Фото11. Во дворе ВИМСа.

В молодые (1920-ые — 30-ые) годы Вига Сендерова, как и её сестра Геня, — две молодые женщины, эмансипированные и интегрированные в советское общество, имели возможность ездить в отпуск на Юг. Мама бывала на южном берегу Крыма. Она много лет позже не забывала, как называются замечательные сорта крымского винограда — шасла, чауш, изабелла и др. Вот фотография тех лет. На Фото 12 Вига в компании женщин в Симеизе в 1929 году, году «великого перелома». Мама — крайняя слева, крайняя справа — её приятельница Рая Гриншпан. С семьёй Раи мама поддерживала дружеские отношения и в послевоенные годы. Имя Рая — одно из немногих имён маминых приятельниц, не вылетевших из моей головы.

1929 г.

Фото12. 1929 г.

В 30-х годах мама познакомилась с моим отцом. Он, как и мама, окончил Московский университет и работал в те годы химиком-аналитиком в Гиредмете (Государственный институт редких металлов). Отец был человеком цветистой биографии, бородатой внешности. Мать влюбилась в него.

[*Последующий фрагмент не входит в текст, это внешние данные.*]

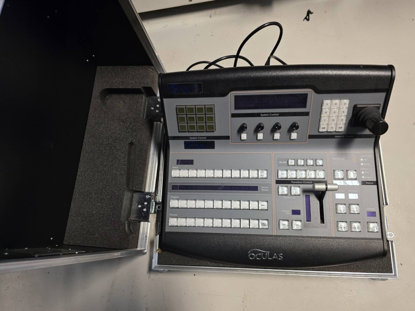 Production panel securely housed in a flight case, designed for managing multi-camera video switcher functions in professional environments.
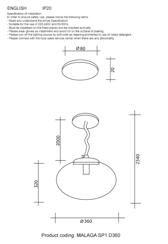 Подвесной светильник Crystal Lux MALAGA SP1 D360 COOPER
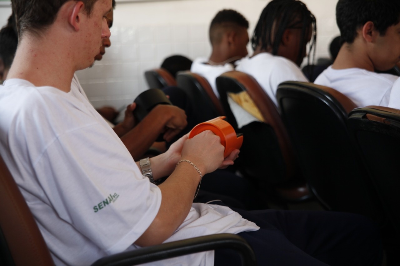 Participaram do treinamento 74 jovens alunos do Curso de Mecãnica, ministrado em parceria com o SENAI para alunos de 14 a 18 anos.
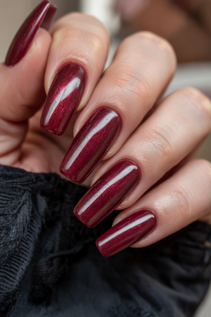 It looks fabulous on long almond nails and looks awesome when done on gel or acrylic nails. This tone flatters both fair and brown skin, making it a top pick if you’re leaning into sultry seasonal glam this year.
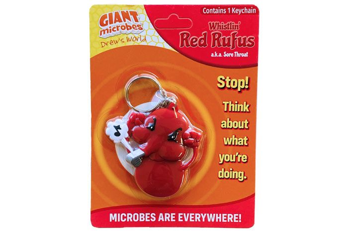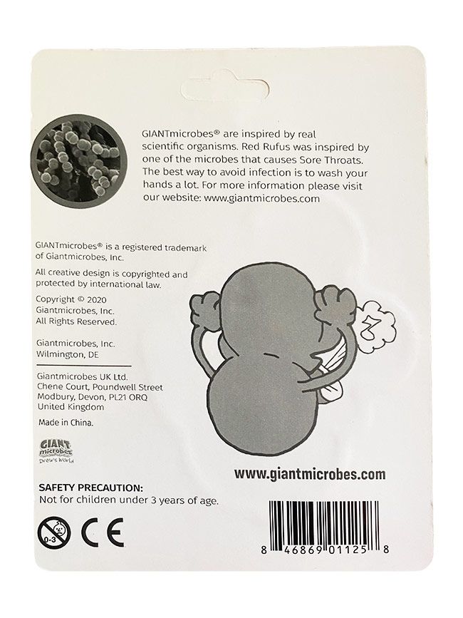 GIANTmicrobes are inspired by real scientific organisms. Whistlin' Red Rufus was inspired by one of the microbes that causes the Sore Throat. The best way to avoid infection is to wash your hands a lot.
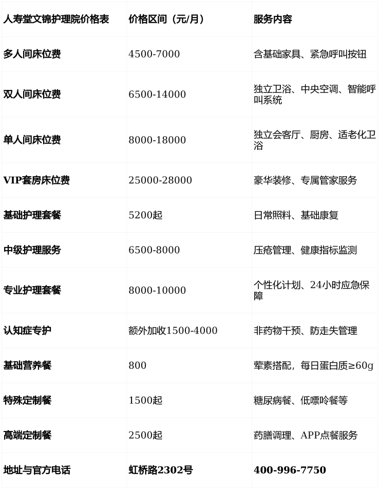 上海人寿堂文锦护理院电话400-996-7750,地址位于上海市长宁区程家桥街道虹桥路2302号,提供5200-28000元/月的全周期医养服务,是追求高品质晚年生活的理想之选。
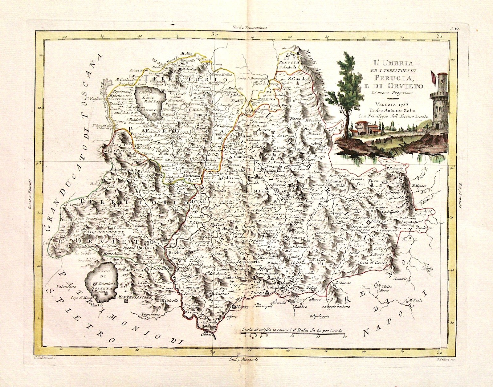 Incisione in rame di mm 310x405, colorata d'epoca ai confini. In alto a destra bel cartiglio figurato e dipinto. Antonio Zatta (1775-1797) è stato uno dei più importanti editori di carte geografiche del trardo XVIII secolo italiano. La sua opera costituisce un importante punto di passaggio tra la cartografia antica e moderna, più attenta all'accuratezza dei dettagli geografici che all'abbellimento estetico ricco di motivi mitologici o d'invenzione, come era quello dell'epoca precedente. La sua opera più importante è Atlante novissimo pubblicato tra il 1775 e il 1789. Buon eseplare. <BR>
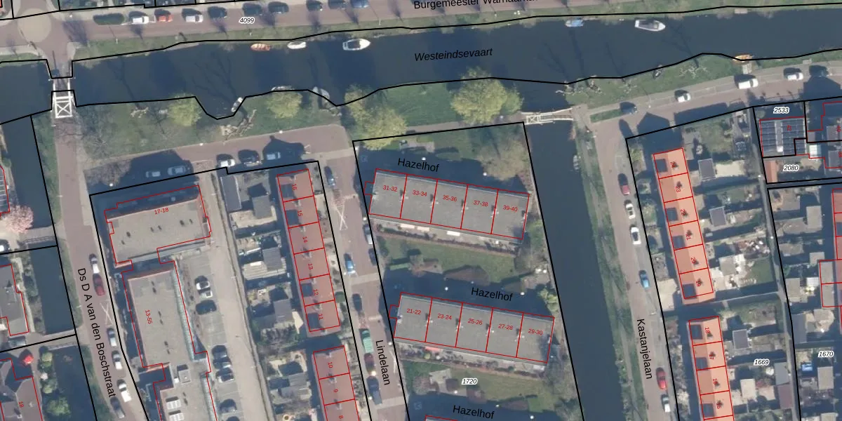 Het adres ligt op het perceel HZW00-E-1720, dat zich in de kadastrale gemeente Hazerswoude bevindt. Het perceel is met 5065 m² relatief groot. Het gemiddelde ligt in de kadastrale gemeente Hazerswoude op 4668,82 m². Het kleinste perceel in de kadastrale gemeente is 0 m² groot. De grootste perceeloppervlakte is 34,4 ha. Er zijn 40 adressen aanwezig op het perceel. De laatste wijziging in het de Basisregistratie Kadaster (BRK) was op 13-01-2011.

У моего отца уже была дочь от предыдущего распавшегося брачного союза. Её звали Татьяна Эрнестовна Рейслер. Сам отец был внебрачным сыном бюргера в Латвии. Он взял себе немецкозвучащую фамилию Вальтенберг (1885 — 1960). Окончив школу (гимназию или реальное училище), он устремился в Москву, где оказался в Художественном театре. Его имя есть в списке труппы театра за 1912 г. Я слышал, он играл Клеща в спектакле «На дне».

В годы 1-ой Мировой войны отец попал в юнкерскую школу, воевал на разных фронтах. Патриотический энтузиазм (Санкт-Петербург стал Петроградом) побудил его обратиться к латышской фамилии Вольтекалн. В Гражданскую войну он служил в 1-ой Конной армии. После он снова вернулся к фамилии Вальтенберг. Тов. Вольтекалн не махал шашкой в казачьих эскадронах. Скорее его роль была связан с обеспечением революционной дисциплины и законности. У казаков с этим были вопиющие провалы [12].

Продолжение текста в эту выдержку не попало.